И сама себе ответила — сильно! Она ведь, словно и не она все то время была. Сейчас даже подумала, что, пожалуй даже программирование ее не интересует. И так жутко стало от осознания этого, аж ноги подкосились.
— Господи, что же это получается… Не встреть я того козла, совсем другой могла бы стать? Может даже… счастлива была, детей имела… домик с… клумбами… борщи варила и каждую ночь засыпала с любимым… мужем… Тихо, спокойно без хапунов-похитителей, двоедушников и прочей нечисти?! Мамочки…
Разволновалась Слагалица. Села на бережочке, еще поплакала, судьбу горькую поминая недобрым словом. А еще огневика проклятого, укравшего столько лет жизни и возможность сделать выбор самой, прожить иначе.
Долго плакала. То на жизнь обижаясь, то вчерашнее припомнив. Никак образ голого Мити, врывающегося в скользкое тело водяницы из головы не уходил. Ревность жгучая сердце палила. Ревность и зависть. Ведь она так и не познала того самого, заветного, интимного с ним. Ведь здесь, на Полянке, в положенный день хотела тот самый твердый, мужской орган в себе ощутить, девственность отдавая. А теперь не будет этого всего. Не сможет она, после той, другой. Аж затошнило от воспоминаний.
Разделась Степка, не вынеся столько боли от мыслей черных, да опустилась в Ручей. Только это ей всегда помогало. Мысленно обратившись к целебной водице и прошептала:
— Пожалуйста, дай мне силы вынести это все…

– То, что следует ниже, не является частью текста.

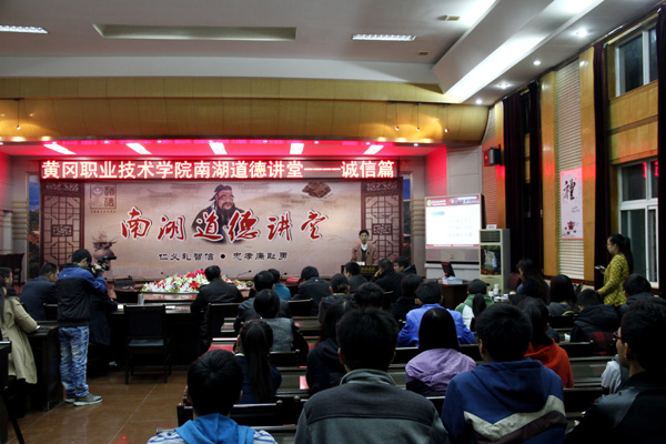 2013年11月13日晚,由学校团委、文明办主办,机电学院承办的南湖道德讲堂在校办公楼四楼中心会议室如期举行。本期道德讲堂的题目是《诚信》。出席此次活动的有校党委委员、工会主席郑柏松,学工处处长叶华光,机电学院党总支书记丁茂喜,校团委副书记、学工处副处长陈胜红,各教学学院副书记、团总支(副)书记、部分辅导员代表及机电学院70名学生代表。本期道德讲堂由机电学院专职辅导员肇芬主持。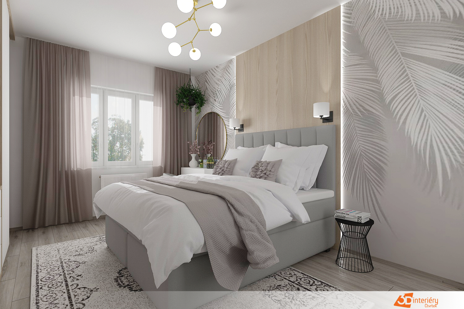 Nad postelí visí černobílé obrázky v tenkých rámech. Jejich jednoduchost a kontrastní barevnost skvěle doplňují jinak jemné ladění místnosti. Na hlavní stěně se nachází tapeta s motivem bílého peří. Vzor působí lehce, jako by se vznášel ve vzduchu, a podtrhuje celkovou vzdušnost interiéru.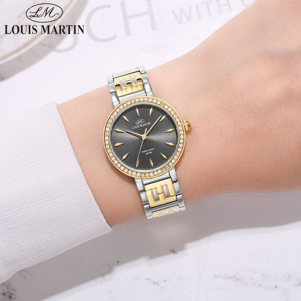 • ساعة نسائية تتسم بالسحر والأنوثة بإمتياز تحاكى شخصية إمرأة تعشق الجمال ، إطار دائرى مرصع بحبات الكريستال اللامع والبراق ، عقارب ومؤشرات الساعة ملفتة وسوار مريح على اليد ، مينا مختومة بالماركة ، إضافة مناسبة للإرتداء اليومى والمناسبات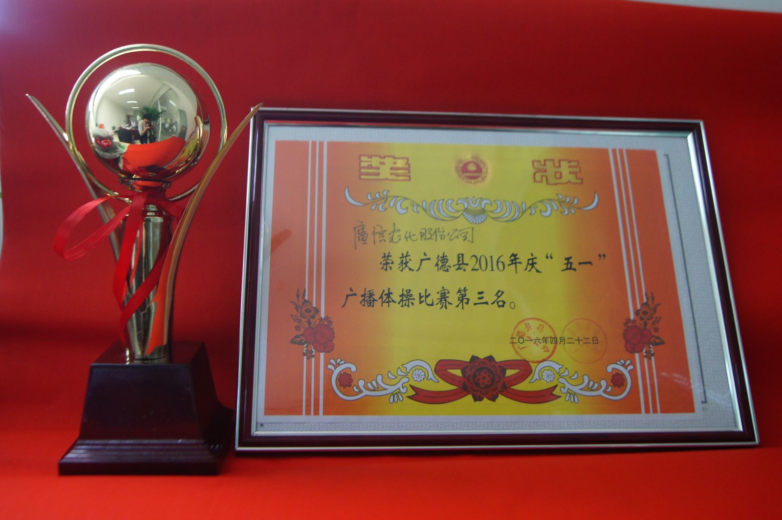 2016年4月22日上午,安徽廣信農(nóng)化股份有限公司廣播操代表隊(duì)在2016年廣德縣慶“五一”廣播體操比賽中從33支代表隊(duì)中脫穎而出,獲得了全縣第三名。此次比賽廣信股份代表隊(duì)是唯一一個(gè)企業(yè)代表隊(duì),比賽中無(wú)論是服裝、隊(duì)形、入場(chǎng)、退場(chǎng),還是音樂(lè)剪輯、隊(duì)伍的口號(hào)、做操的整齊度以及精神面貌等等都得到了其他代表隊(duì)的嘖嘖稱(chēng)贊,充分展現(xiàn)了廣信員工的青春活力和積極向上的團(tuán)隊(duì)作風(fēng)。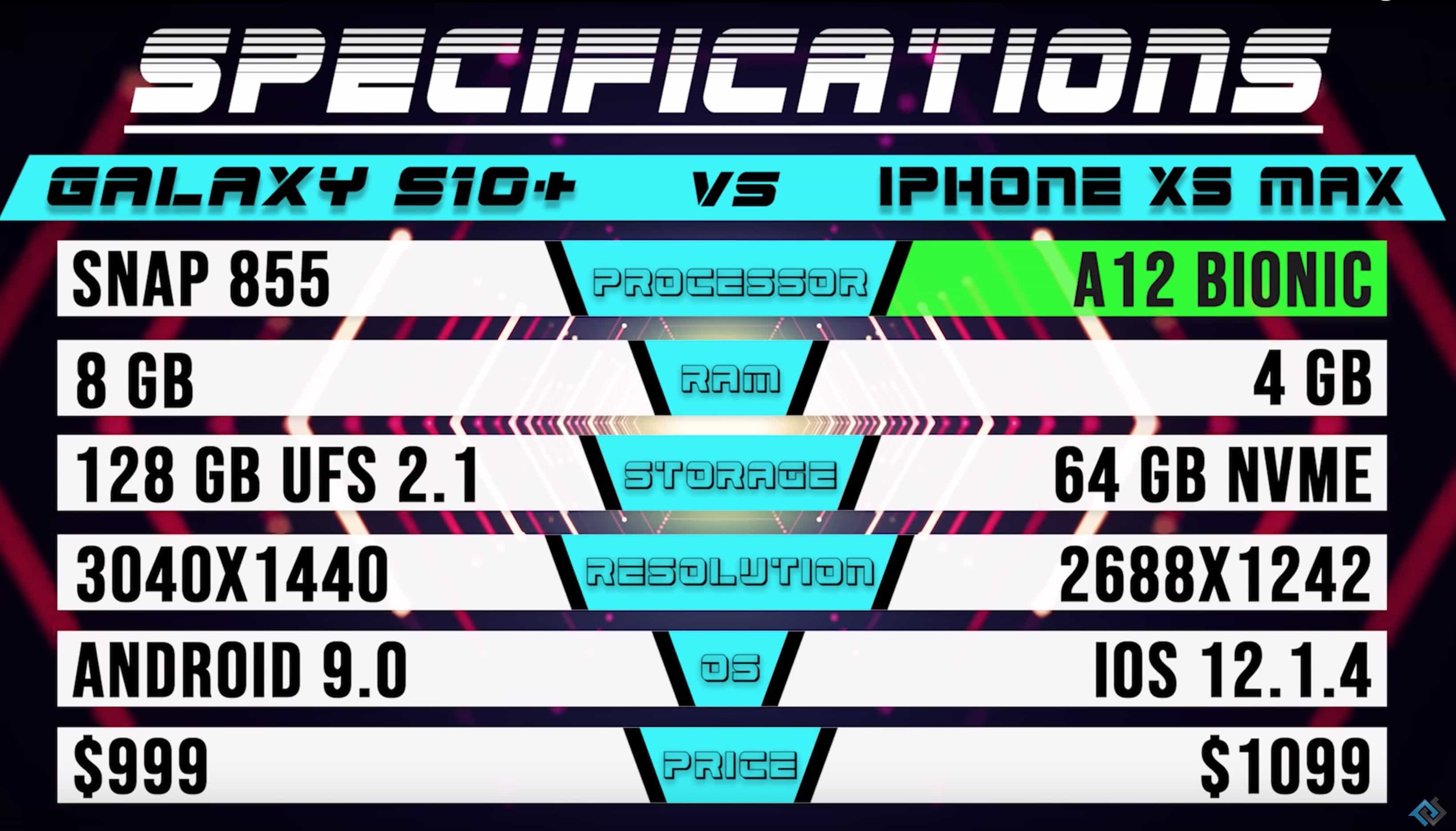 The Galaxy S10+ has 8GB of RAM compared to the 4GB of RAM on the XS Max. The lack of RAM didn’t hurt the iPhone XS Max in its battle with the regular S10 that packs 8GB of RAM. The S10+ has a faster e Galaxy S10+ Snapdragon 855 processor than the regular S10 though and that appears to have made all the difference.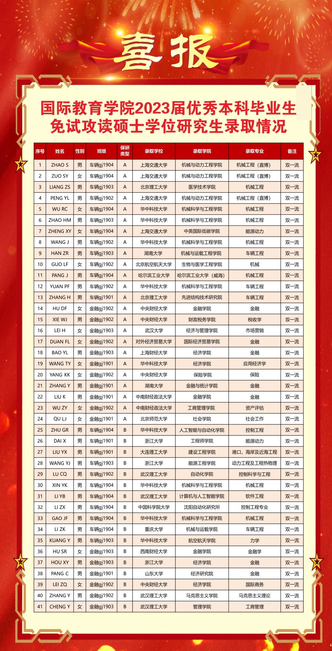 今年会车辆工程(中外合作)、金融学(中外合作)专业2023届优秀本科毕业生推荐免试攻读研究生(以下简称“推免”)工作取得历史性突破。今年全院共有41名同学获得研究生推免资格,学院整体保研率为17.08%,“双一流”高校录取率为100%,其中车辆工程(中外合作)保研率为19.04%,专业保研率创公司自开展推免工作以来历史最好成绩。

Водица помогла. Привычно вымораживая, а затем возвращая утраченные силы, покой и твердость духа. Постепенно вернулась уверенность, что все получится. Она выполнит долг, сохранит всех. А на свадебке пусть дальше боги решают, как им быть. Смирилась она. Все. Точка. Будь что будет!
И телу хорошо стало, не только душе страждущей. Умылась хорошенько, голову вымыла, попила, не забывая мысленно благодарить водицу за помощь.
А затем промчала пару кружков по траве мокрой, полежала на одеяле малехо подремала. И лишь через пару часов, спокойная, отдохнувшая, вышла к ожидающему жениху. Так как уже рассвело, домой они отправились его ходом. А именно верхом на Апгрейде, да через прорытый лаз. Степка прижималась к нему и даже улыбалась. Еще грустно, но уже имея силы вынести испытание. Испытание изменой.
— Чаво гулены, перебрали вчерась, а? — усмехаясь вещала Лукерья, — а я баяла, негоже смешивать наливочку с пивком!
— Не трынди ты, злыдня! — прервал клецницу Егорыч, — и без тебя башка, аки улей…
— Так те и надо, буш знать, пень сморчковый, как молодца из себя строить!
— Не гунди, сказал! Отвару краще, сваргань, того самого…
— Ладно, — смилостивилась Лукерья, — токмо заради девиц. Для тебя, обормота, не варила бы!
— Не ругайтесь, Лукерья, — простонала Беляна, — у нас случайно вышло…
— Ой, здорово-то так, — раздался еще один голосок, писклявый, — а я и забыла, что такое похмелье…
— Да что тут хорошего, Наташка? — прошептав пересохшими губами, спросила Веста, — голова болит, во рту какашка…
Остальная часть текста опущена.